Connections. They are vitally important. We are connected to family, friends, colleagues, acquaintances, certain places, and even people we don’t know but are familiar and important to us, like the barista at the coffee shop. Since the pandemic began and people were told to stay home, the way in which we connect has been challenged, if not outright impossible, in some instances.
A common definition of connection is a relationship in which a person, thing, or idea is linked or associated with something else. Every one of us can share a story about how we lost connection with things or people we valued. In some circumstances, even though the frequency of connection did not change, just knowing we could not connect with a person or place in a familiar way left us feeling confused, isolated, and unhappy.
For me, it was the loss of connection to my mother. My mother lives in Edmonton with my eldest sister. Even though my mom and I don’t talk that often on the phone, I would try to see her once or twice a year. It was Mommy-and-me time for us to chat, eat our favourite foods, and just be. Just sitting on the couch and watching the news together while I held her hand, not saying a word, spoke volumes to the strength of our connection. It was a connection that conveyed to her — you matter to me.
So, you can imagine our sadness when non-essential airplane travel was deemed unsafe. In the nomenclature of the pandemic, seeing my mother was not “essential”. Imagine her thoughts at 89 years old. To us, those in-person visits were vital to our mental and emotional well-being! This sentiment was shared by so many who couldn’t see or connect with their loved ones in the way they would have liked during this pandemic. I know my fear that the last time we saw each other could be our last was also shared with so many others. What the pandemic has taught many of us is that connections shift and evolve but our human nature to connect with one another is paramount to our sense of self. We derive meaning from connection, and we define ourselves by virtue of our connections.

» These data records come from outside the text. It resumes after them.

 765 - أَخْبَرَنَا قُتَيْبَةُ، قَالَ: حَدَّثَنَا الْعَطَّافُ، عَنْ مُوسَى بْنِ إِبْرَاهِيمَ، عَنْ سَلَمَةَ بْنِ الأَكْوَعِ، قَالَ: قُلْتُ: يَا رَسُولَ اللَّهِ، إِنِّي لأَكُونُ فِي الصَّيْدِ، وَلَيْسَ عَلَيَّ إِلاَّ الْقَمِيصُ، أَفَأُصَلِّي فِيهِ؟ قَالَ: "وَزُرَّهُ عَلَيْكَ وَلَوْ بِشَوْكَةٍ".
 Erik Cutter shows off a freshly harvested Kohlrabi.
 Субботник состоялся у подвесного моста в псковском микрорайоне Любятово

As I extend this thinking into my work life, one of the things I observe is that what motivated the creation of NDRIO is our human desire for connection. Through coming together as a system, we can ensure that we do not lose our connections. For me, a “system” is a set of things working together as parts of a mechanism or an interconnecting network. Having been a member of this sector for many years, I witnessed our interconnections falling by the wayside. We stopped connecting with one another and no longer defined ourselves by the common threads that bind us.

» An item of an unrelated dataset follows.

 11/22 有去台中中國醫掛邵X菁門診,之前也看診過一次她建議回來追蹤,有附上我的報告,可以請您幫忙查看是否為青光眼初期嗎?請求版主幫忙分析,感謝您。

One of the reasons I have spent several months conducting listening tours, and meeting people virtually, is I, personally and professionally, needed to feel that connection again. I wanted to convey sincerely that we’re in this together and that by the virtue of our work, our passion for this sector, and our shared experience of this pandemic, we are connected. Change is ahead. But we’ve been here before, haven’t we? We will get through it and come out the other end, I believe, better for it. How do I know? Because it is my sincere ambition for our system that we re-establish our connections as we collectively complete the needs assessments and the design of a new national service delivery model. Through this work, we define the elements of what we do and who we are as servant leaders to Canadian researchers.

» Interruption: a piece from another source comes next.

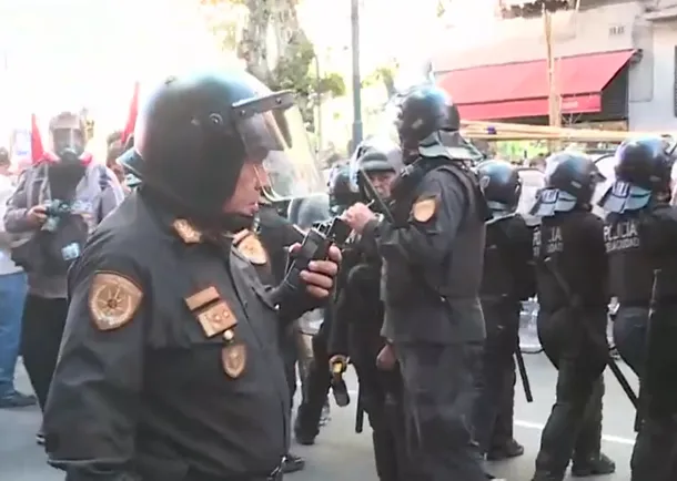Cerca de las 17 un carro hidrante y efectivos de la Policía de la Ciudad comenzaron a movilizarse sobre la Avenida de Mayo y comenzaron a empujar a manifestantes que estaban en la vereda para obligarlos a bajar a la calle y así correrlos, según relató el periodista Nicolás Munafó en C5N.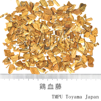 | 備考 | 広東,広西の一部の地区では,マメ科の Millettia nitida Benth. の茎を鶏血藤,血節藤,血藤,血筋藤などと称する.また江西省の豊城,雲南省鳳慶,四川省などに産する鶏血藤は Millettia dielsiana Harms の茎であり,豊城鶏血藤(江西),貫腸血藤(四川)とも称する.その他鶏血藤と称する商品は非常に種類が多い. 江西,陜西,河北,山東,山西,内蒙古,東北諸省などでは 血藤科/Sargentodoxaceae の Sargentodoxa cuneata (Oliv.) Rehd. et Wils. (= Holboellia cuneata Oliv.) 大血藤の茎を「鶏血藤」として用いる場合があるが,このものは元来大血藤,紅藤,活血藤,大活血,花血藤,血藤,血木通などと称するもので,混用すべきものではない. | |||||

So next time someone asks you how we are all connected, tell them: “We are the interconnected supports, infrastructure, and services that enable researchers to achieve their ambitious ideas and innovations for humanity.” We are Canada’s Digital Research Infrastructure organization, and we will propel Canada onto the global stage of the knowledge economy. This infrastructure is led and run by people, and you all matter to me. How’s that for a connection?